I'm Asanuma, an intern at Quixotiks.
In the previous article, I discussed images of Japanese individuals and the elderly, often considered outliers in AI facial expression recognition datasets, and experienced the difficulties firsthand.
This time, I researched and compiled information on datasets specifically tailored for Japanese (Asian) individuals and the elderly.
As I wrote in my first blog post, facial expression recognition datasets can be broadly categorized into two types based on the environment in which they were captured.
- Controlled: Data captured in a controlled environment, such as a laboratory. While the quality of expressions and labels is high, backgrounds and poses tend to be uniform.
- In-the-Wild: Data collected from various real-world situations, such as movies and the internet.
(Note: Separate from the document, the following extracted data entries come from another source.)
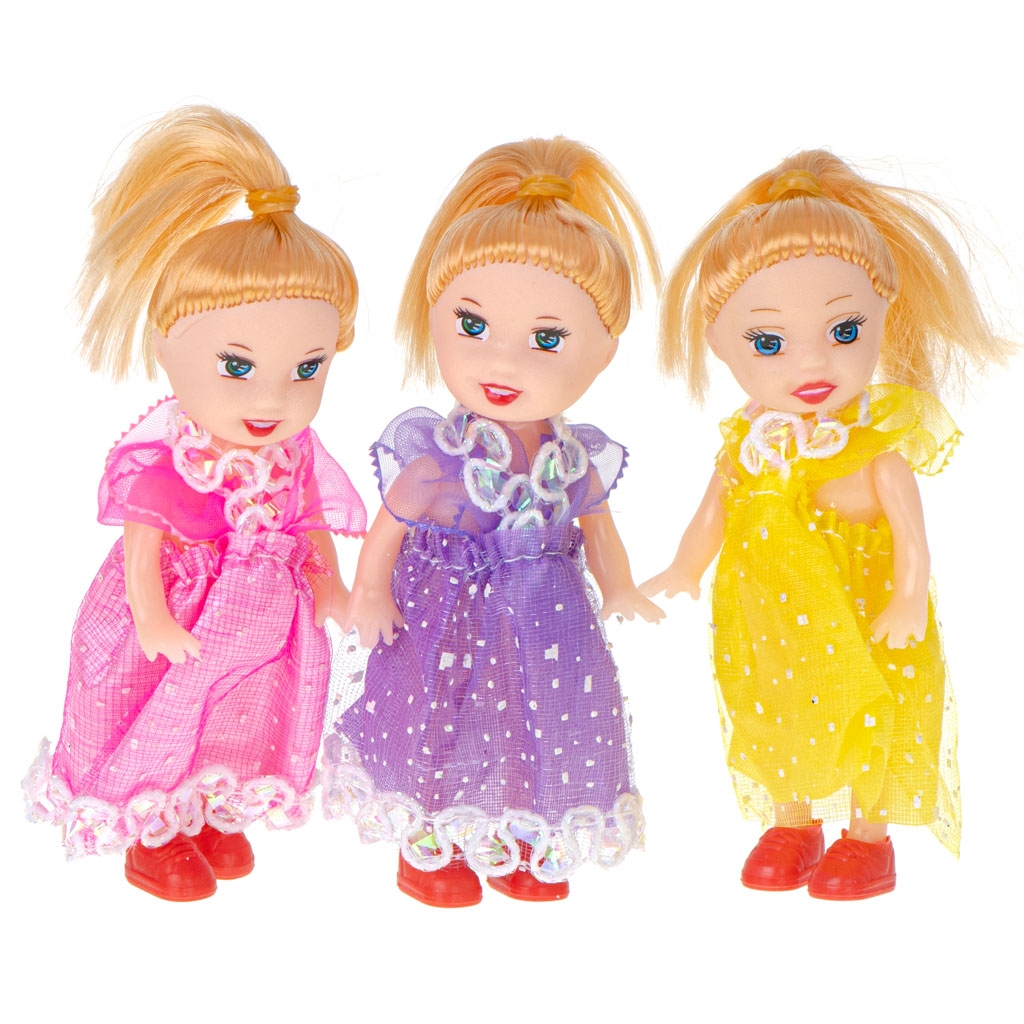 Cudowne małe laleczki, które idealnie nadają się do zabawy w domku dla lalek! W zestawie znajdują się trzy laleczki o wysokości 10 cm, które z łatwością zmieszczą się w każdym domku, stojąc obok siebie. Każda lalka ma sukienkę w innym kolorze: różowym, żółtym i fioletowym oraz czerwone buciki.
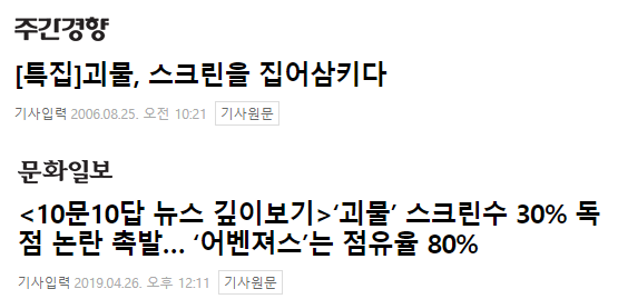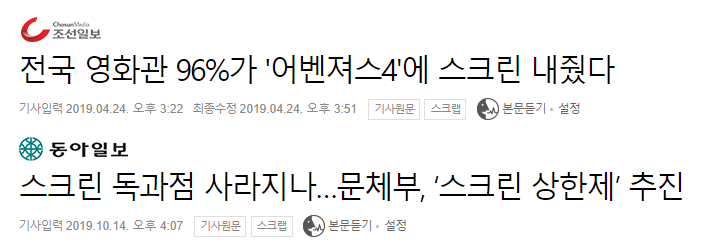 그러다보니 스크린 독과점에 대한
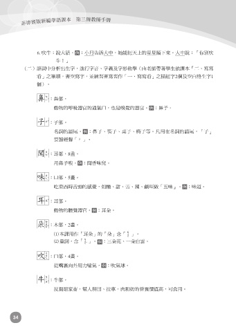 (二) 語詞中分析出生字,進行字音、字義及字形教學(由老師帶著學生依課本「二、寫寫
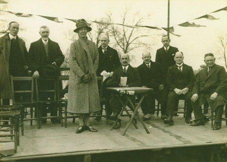 Mrs Sarah Milner O.B.E. declares Totley Recreation Ground open, 23 March 1929. Left to right: Colin Thompson, James Gledhill, Sarah Milner, ?, Mr Wells, Charlie Swift, Frank Cook, J. R. Rodgers, Len Marcroft.

This type includes more natural and diverse expressions.
In this article, I will introduce a total of four datasets, categorized according to these two classifications.
【Controlled】Datasets Captured in a Controlled Environment
ATR Facial Expression Image Database (2006)
- Data Source: Captured in a laboratory (video, still images)
- Features:
- Ten Japanese individuals (6 men, 4 women) in their 20s to early 30s, who had received basic training in facial expression formation (e.g., through theater), performed instructed expressions.
- Captured not only frontal faces but also with varying gaze and head orientations.
- Labeling:
- 10 emotion labels including neutral (neutral, joy (open mouth), joy (closed mouth), sadness, surprise, anger (open mouth), anger (closed mouth), disgust, contempt, fear)
- Labeled by 27 individuals (university students)
- Annotation details are unknown
- License: Commercial use requires inquiry
- Source:https://www.atr-p.com/products/face-db.html
Facial Expression Database Based on Dimensional and Categorical Models of Emotion (2018)
- Data Source: Filmed in a laboratory (video, still images)
- Features:
- 8 individuals (4 males, 4 females) aged 20-40 (average age 34.25, standard deviation 5.47) expressed emotions
- Expressions were reproduced using two methods: the Imaginary Method, where participants imagine a situation to naturally create an expression, and the Facial Action Coding System (FACS) Method, where participants consciously manipulate facial muscle movements to create an expression.
- Labeling:
- 7 emotions: surprise, fear, sadness, anger, disgust, happiness, neutrality
- Average age39 individuals (19 males, 20 females) with an average age of 21.33 (standard deviation 2.39)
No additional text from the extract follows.